The reason you don't see "Hot Trucks" in this area is that under Health Dept rules to operate one you have to meet the following:
1- Operate from a commissary meeting all requirements of 420-3-22-.09. The commissary
must have, at a minimum, facilities to store food at the required temperatures, a toilet facility
and, except when all food is prepackaged, fill potable water tanks, empty wastewater tanks,
provide a handwashing sink, provide an appropriate warewashing sink and all required items of
the Food Sanitation Rules. If food preparation activities on the mobile unit generate grease or
grease laden vapors, the commissary must have a grease trap in accordance with local
requirements.
2- Operate from a permitted food service establishment (which may be a separately -
owned business under the restrictions of 420-3-22-.09) with facilities to store food at the
required temperatures, a toilet facility and, except when all food is prepackaged, fill potable
water tanks, empty wastewater tanks, provide a handwashing sink, provide an appropriate
warewashing sink and all required items of the Food Sanitation Rules. If food preparation
activities on the mobile unit generate grease or grease laden vapors, the commissary must have
a grease trap in accordance with local requirements.
3- Handwashing facility on-board the mobile unit; potable (drinking) water tank securely
affixed on-board; waste water holding tank securely affixed on-board, 15% larger than the
potable water tank; warm water (100°F) provided at all times in adequate amounts.
4- Three-compartment sink on-board with chemical test papers available and used.
5- Two-compartment sink on-board with chemical test papers provided and used.
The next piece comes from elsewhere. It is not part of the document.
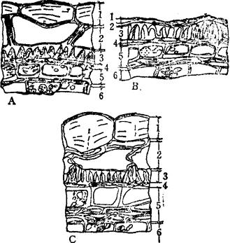 刘长江(1984)认为,种皮细胞结构对实际芸薹属品种鉴定是最有用的。十字花科种子种皮由表皮层、表皮下层、栅栏细胞层和色素层组成。前三层由外珠被发育而成。色素层由内珠被发育而成。从图7-1可以看出,表皮层细胞以黑芥较大,油菜则压缩为一薄层,而白芥为大型细胞。第三层栅栏细胞层,其栅栏形态和大小均有明显的差异,可以作为种或品种鉴定的依据。
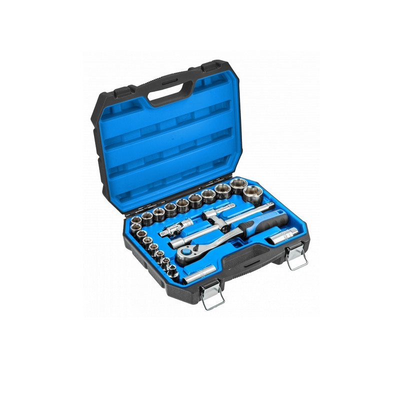 Набір з 24 предметів, що складається з тріскачки, насадок та іншого приладдя 1/2”. Незамінний у будь-якій майстерні чи автосервісі.

6- Refrigeration/cold holding facilities on-board and/or facilities for hot holding food onboard,
thermometers provided and used.
7- Four sets of food handling utensils, properly sanitized and prewrapped, on-board.
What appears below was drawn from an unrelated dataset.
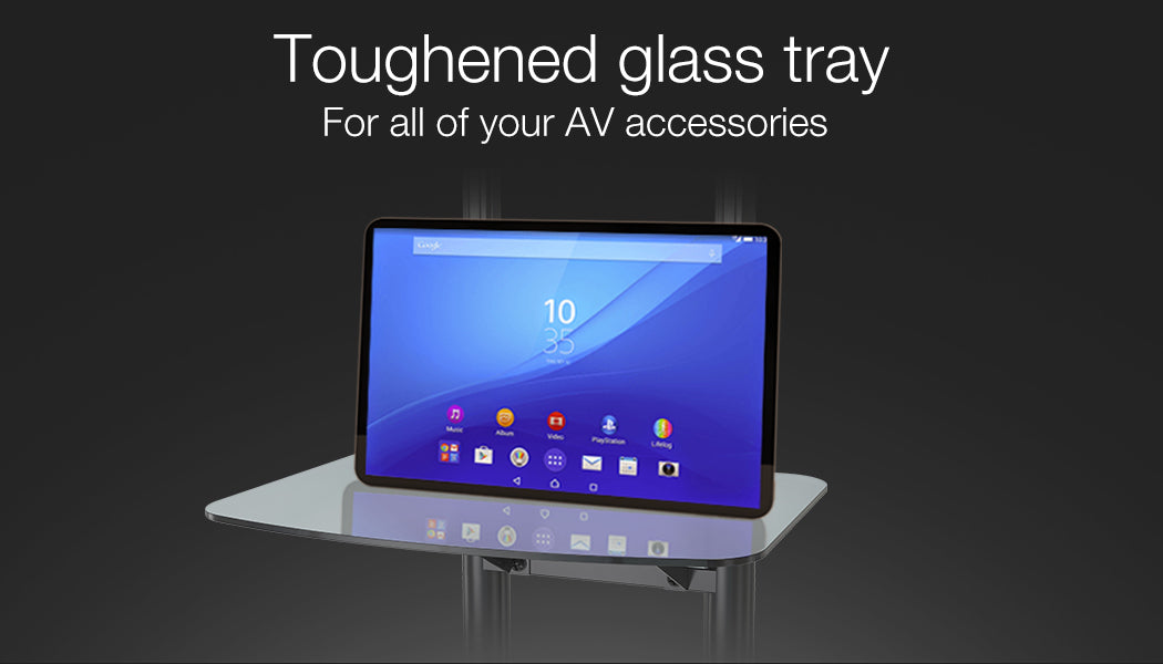 Made with a sturdy steel frame with long legs and a max load of up to 68kg, you can mount your TV screen with complete confidence. It includes an integrated level for precise set up, and a convenient toughened glass tray which you can use to house a media playback source. Set on easily movable castor wheels you can easily relocate your TV screen to any room or location. Once in position you can secure into place simply by activating the castor locks with the press of your foot.

(CHECK WITH THE LOCAL COUNTY HEALTH DEPARTMENT WHERE OPERATION
IS PROPOSED TO VERIFY IF THIS OPTION IS ALLOWED).
8- Cooking facilities on-board, to include thermometers, water under pumped pressure to
all sinks, sufficient ventilation to remove vapors and smoke from the cooking area, screens or
effective forced air barriers, self closing doors, shielded lights, and smooth, non-absorbent,
easily cleanable floors, walls, and ceilings.
9- Transport entire mobile unit to commissary daily.
10 - (For vehicles used for dispensing only raw fish or shrimp) Maintain product in direct
contact with ice with meltwater contained until delivery is completed. Meltwater shall be
disposed in a sanitary manner at the commissary or in accordance with law. Insulated
containers and all necessary articles used for dispensing must be in an enclosed part of the
vehicle, such as in a covered bed of a pick-up or inside a van. The commissary must have the
capability to wash, rinse, and sanitize all food contact surfaces, and for cleaning the vehicle.